Stimulus-suppressed neuronal responses in macaque visual cortex

FERNANDEZ LEON, J.A.; POJOGA, S.; DRAGOI, V.

California

Conferencia; 2013 SfN Neuroscience; 2013

SfN

The consensus in visual neurophysiology is that cells in visual cortex should increase their responses when stimulated in their receptive fields. However, several lines of evidence report deviations to the general dogma. It has been reported that some cat and rabbit retinal ganglion cells, as well as macaque lateral geniculate nucleus neurons, abruptly reduce or cease spiking activity when a visual stimulus is presented. Whether and how these ?stimulus-suppressed? cells have an effect on information coding in neural populations in visual cortex, and its relationship with behavior, is unknown.

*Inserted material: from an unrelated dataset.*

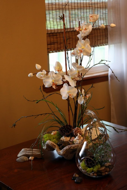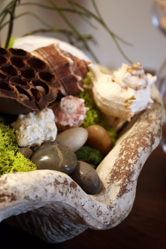 I love using grasses, twiggy twigs, rocks, shells, bamboo, moss....and that's what I selected, along with some nice looking white orchids. I decided to use a beautiful clam shell for a container

Here we performed multiple-electrode recordings in visual cortex (areas V1 and V4) of alert macaque using laminar electrodes (Plexon U-probes) to examine this particular type of cell and determine its properties. We found that stimulus-suppressed cells represent a small percentage (approximately 5%) of the total number of individual neurons and exhibit a wide range of suppression of baseline firing during stimulus presentation (suppression index range 0.2-0.9). This suppression has been observed using both oriented gratings and natural images and did not show stimulus selectivity or attentional modulation. We also found that suppression does not change with respect to the animal?s behavioral performance in an orientation discrimination task. Furthermore, based on waveform analysis, we assessed that the majority of these cells (>60%) are putative inhibitory neurons. Using CSD analysis, we determined that these rarely encountered neurons are evenly distributed across supragranular, infragranular and granular layers. We suggest that stimulus-suppressed cells contribute to the increase in the signal-to-noise ratio of visually responsive cells by reducing their firing before stimulus presentation. Overall, our results challenge current theories of sensory coding that will need to explain the functional significance of stimulus-suppressed neurons.